▸ **Problem to solve**:
From the data that follows, set down exactly the lines from the one with "Vevor Commercial Food" through the one with "This black-and-white photograph", counting both. Pictures stay out.

▸ **Supplied records**:
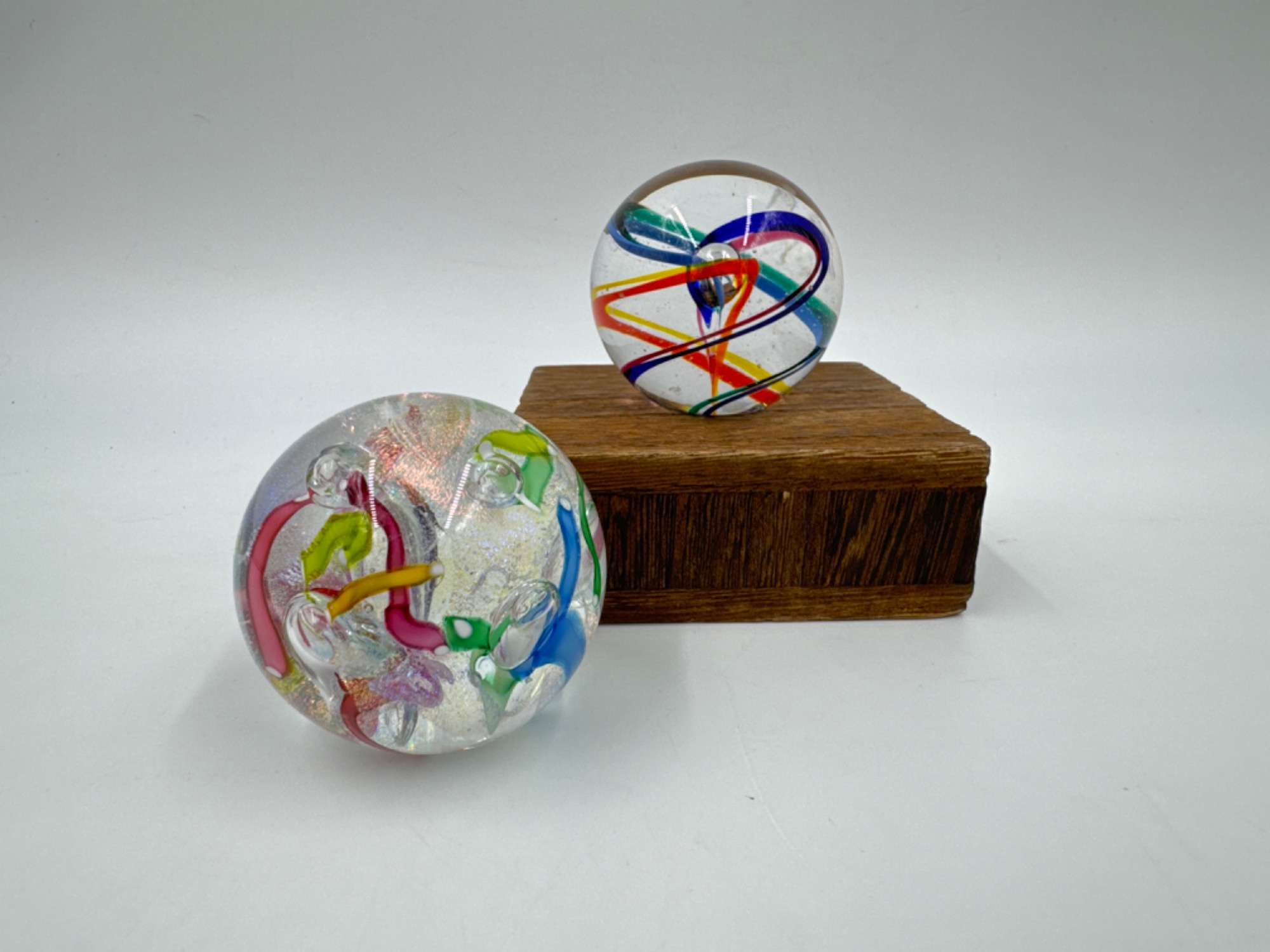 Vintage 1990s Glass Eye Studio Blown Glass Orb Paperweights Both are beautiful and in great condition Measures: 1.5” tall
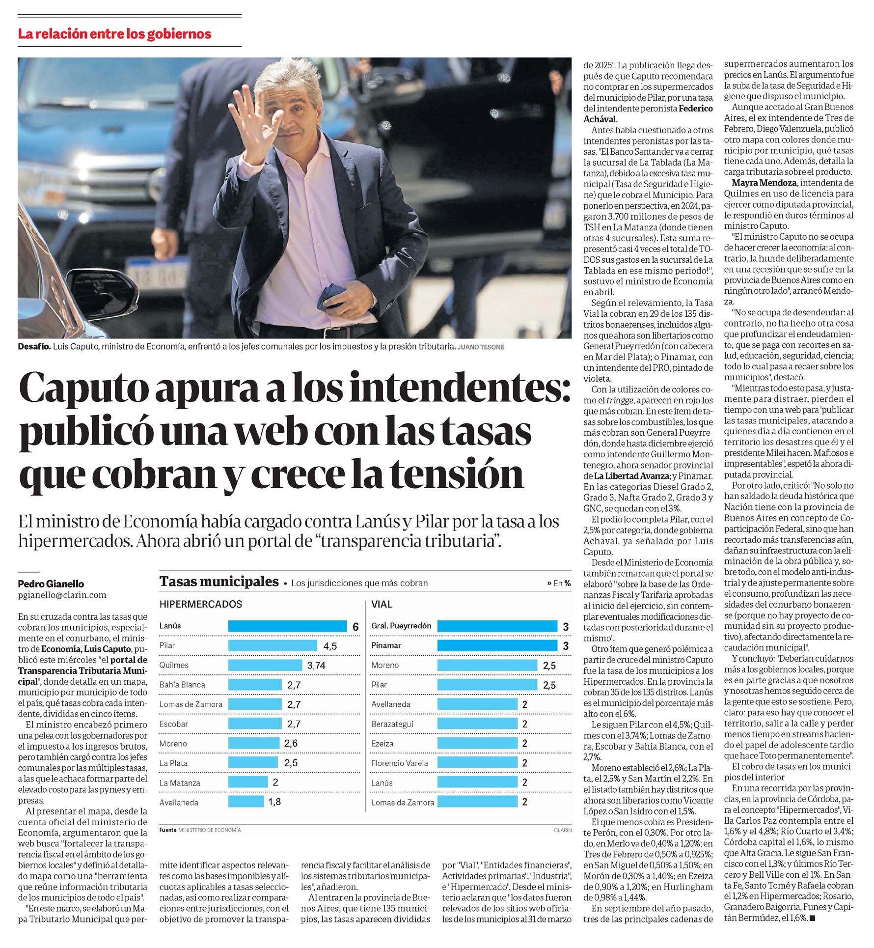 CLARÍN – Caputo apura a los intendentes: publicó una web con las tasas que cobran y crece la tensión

...

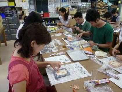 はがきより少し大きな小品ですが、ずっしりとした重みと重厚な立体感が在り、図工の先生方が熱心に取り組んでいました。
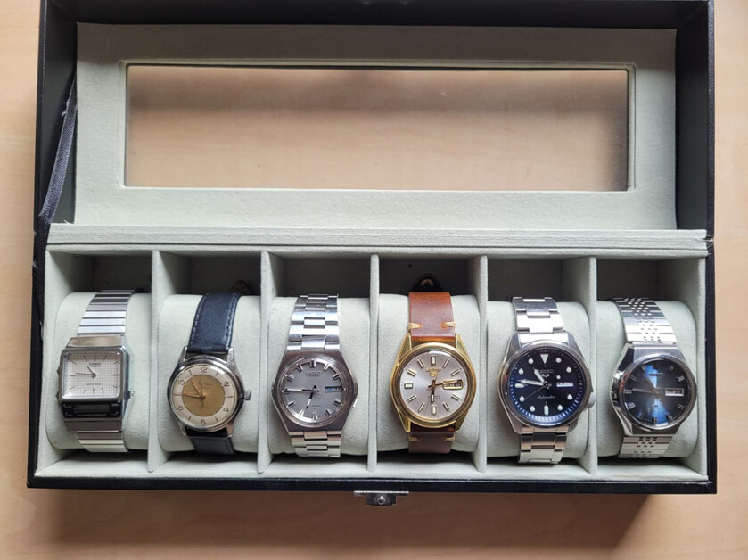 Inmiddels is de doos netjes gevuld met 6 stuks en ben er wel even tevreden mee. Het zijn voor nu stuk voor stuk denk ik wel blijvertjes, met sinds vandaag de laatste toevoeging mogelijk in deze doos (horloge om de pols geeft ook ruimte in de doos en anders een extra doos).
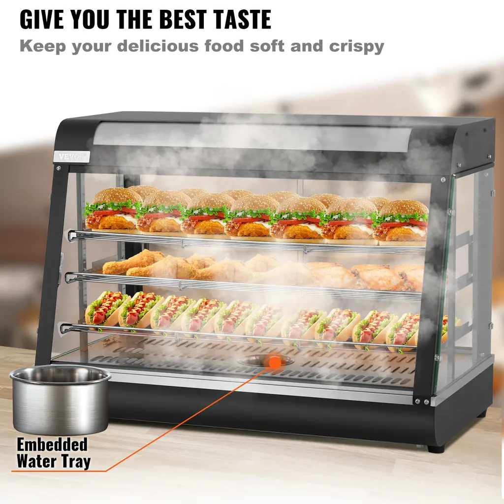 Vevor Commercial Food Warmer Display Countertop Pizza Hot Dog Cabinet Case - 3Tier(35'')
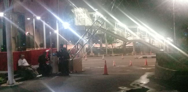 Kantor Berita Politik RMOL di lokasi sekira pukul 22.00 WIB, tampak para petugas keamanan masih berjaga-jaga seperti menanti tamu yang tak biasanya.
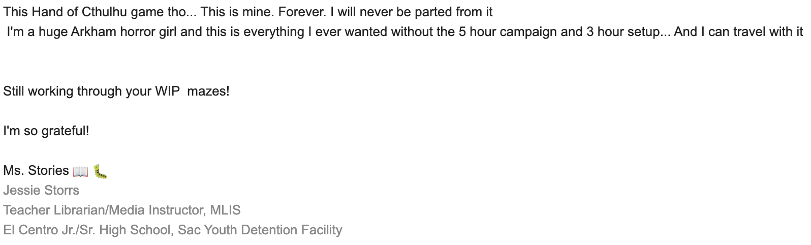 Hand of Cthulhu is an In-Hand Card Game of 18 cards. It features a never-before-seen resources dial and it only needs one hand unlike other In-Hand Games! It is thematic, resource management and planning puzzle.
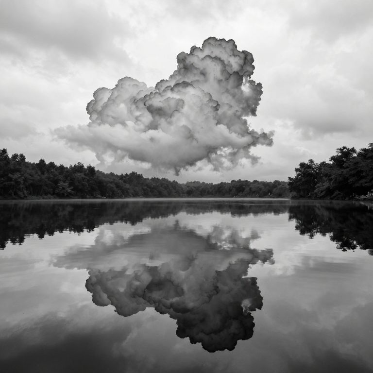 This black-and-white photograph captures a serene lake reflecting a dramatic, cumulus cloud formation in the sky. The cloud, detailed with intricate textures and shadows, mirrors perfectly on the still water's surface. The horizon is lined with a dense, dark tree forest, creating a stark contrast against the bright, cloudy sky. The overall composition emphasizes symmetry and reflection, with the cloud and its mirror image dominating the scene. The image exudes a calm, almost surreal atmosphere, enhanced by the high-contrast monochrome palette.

--

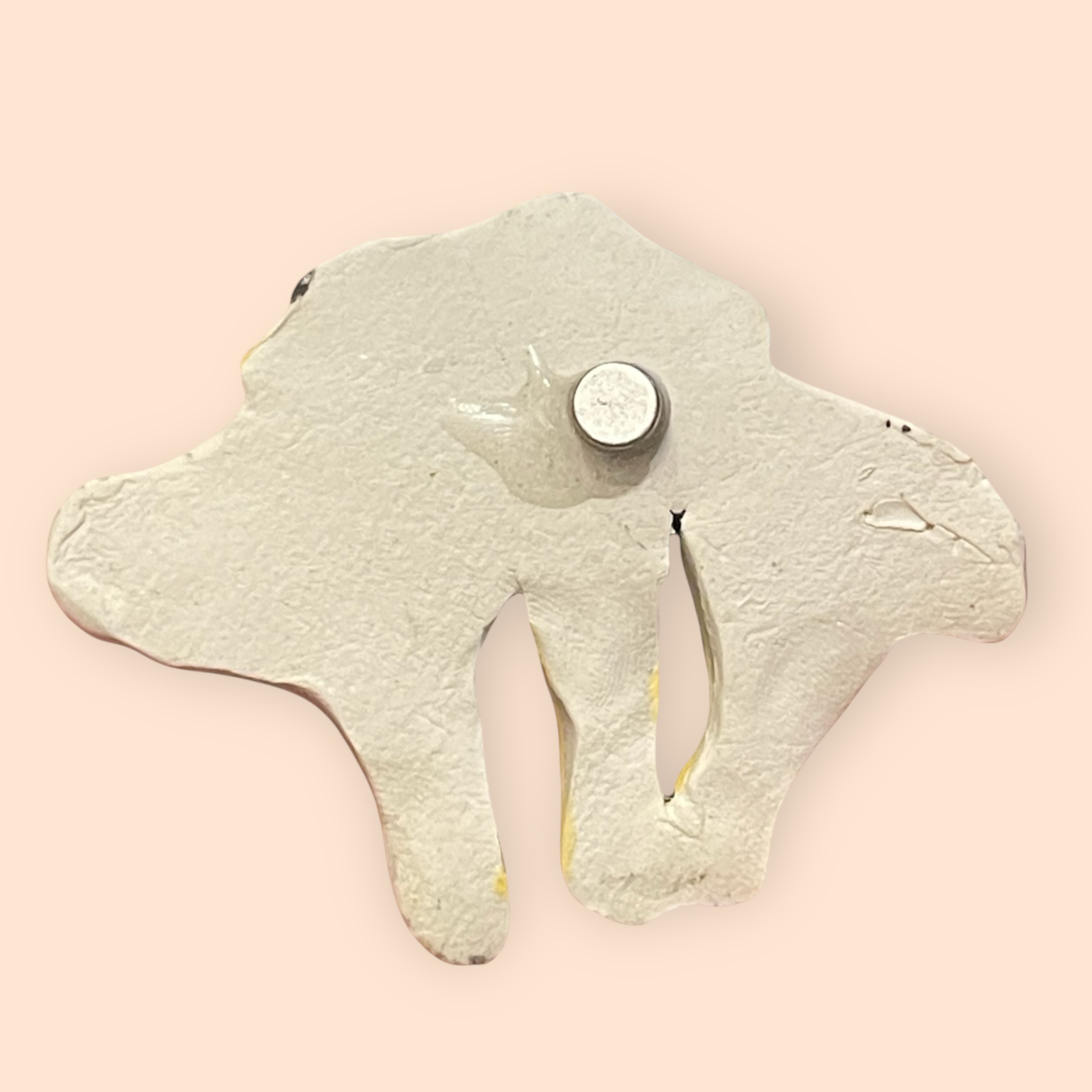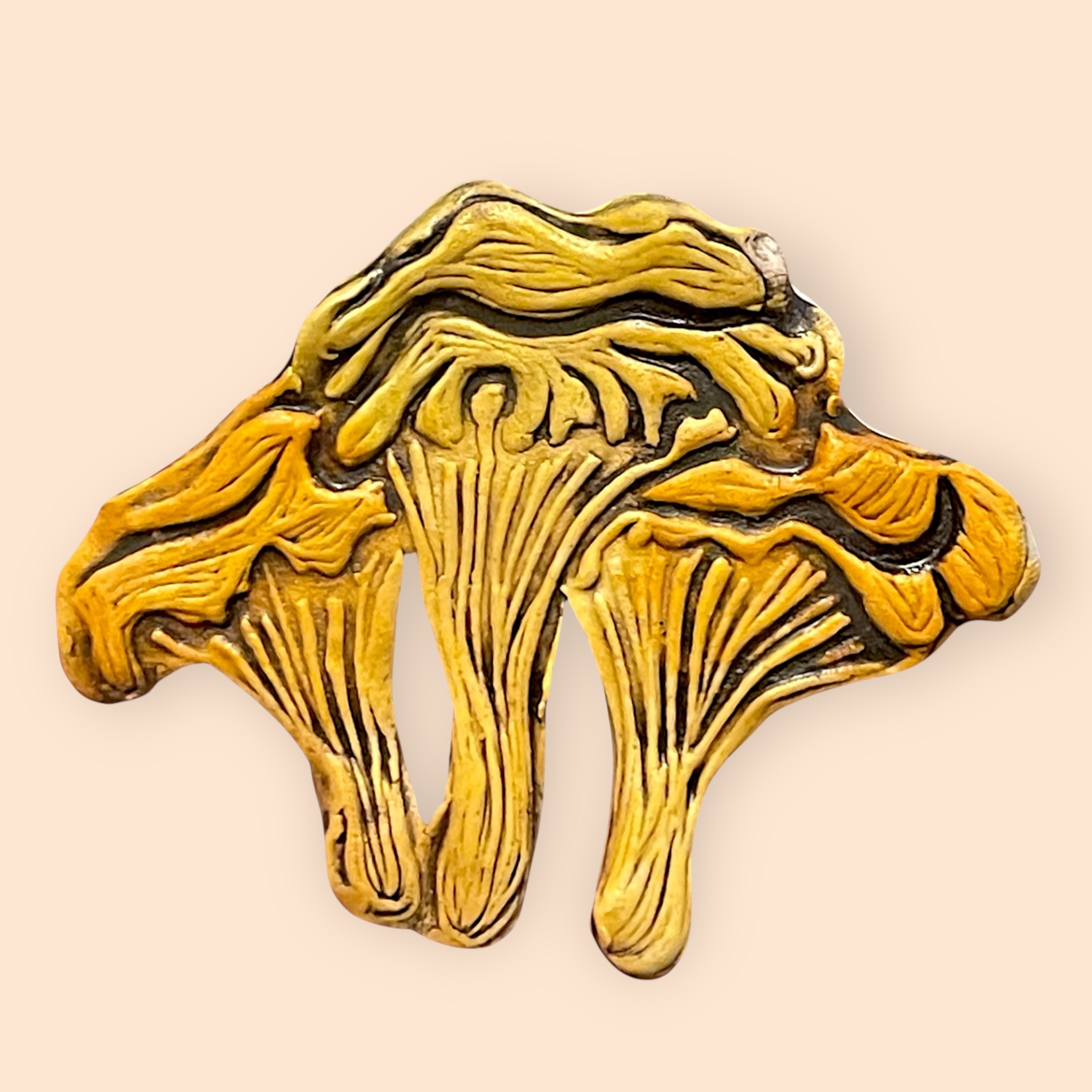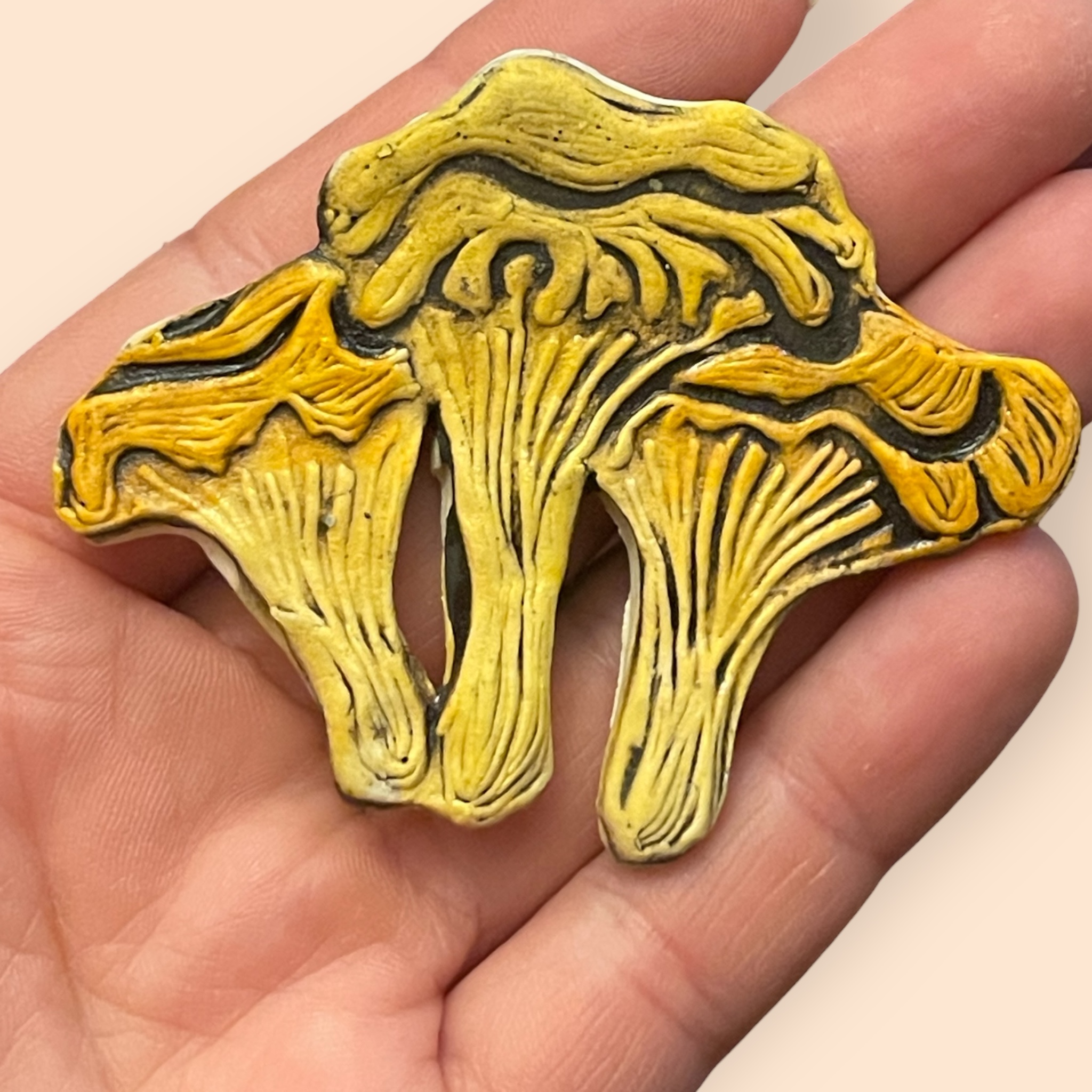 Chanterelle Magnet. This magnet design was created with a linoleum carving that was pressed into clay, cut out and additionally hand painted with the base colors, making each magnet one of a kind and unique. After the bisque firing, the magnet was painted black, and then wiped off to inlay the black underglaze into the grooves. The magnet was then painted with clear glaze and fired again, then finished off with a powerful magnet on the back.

▸ **Task solution**:
 Vevor Commercial Food Warmer Display Countertop Pizza Hot Dog Cabinet Case - 3Tier(35'')
 Kantor Berita Politik RMOL di lokasi sekira pukul 22.00 WIB, tampak para petugas keamanan masih berjaga-jaga seperti menanti tamu yang tak biasanya.
 Hand of Cthulhu is an In-Hand Card Game of 18 cards. It features a never-before-seen resources dial and it only needs one hand unlike other In-Hand Games! It is thematic, resource management and planning puzzle.
 This black-and-white photograph captures a serene lake reflecting a dramatic, cumulus cloud formation in the sky. The cloud, detailed with intricate textures and shadows, mirrors perfectly on the still water's surface. The horizon is lined with a dense, dark tree forest, creating a stark contrast against the bright, cloudy sky. The overall composition emphasizes symmetry and reflection, with the cloud and its mirror image dominating the scene. The image exudes a calm, almost surreal atmosphere, enhanced by the high-contrast monochrome palette.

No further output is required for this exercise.